*Data block:*
====================
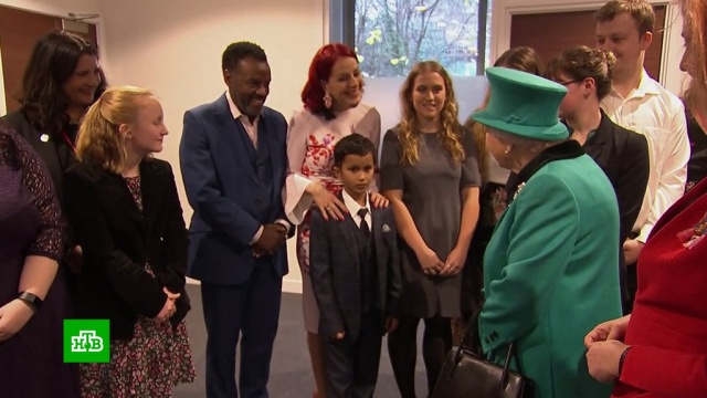 Королева Елизавета II приехала с визитом в благотворительную организацию. Там ее встречали сотрудники центра с детьми, многие из которых приемные.
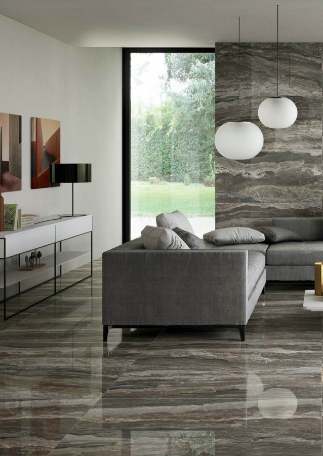 Керамогранит 118x59 Gemstone taupe rett глянцевая коричневый Ascot
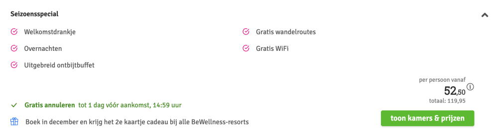Disclaimer: deze prijs is excl. €14,95 boekingskosten per boeking.
====================
*Requirement:* The answer is the run of lines from the one with "Керамогранит 118x59 Gemstone" through the final line of the data, copied exactly, and nothing else; no pictures.

*Expected output:*
 Керамогранит 118x59 Gemstone taupe rett глянцевая коричневый Ascot
Disclaimer: deze prijs is excl. €14,95 boekingskosten per boeking.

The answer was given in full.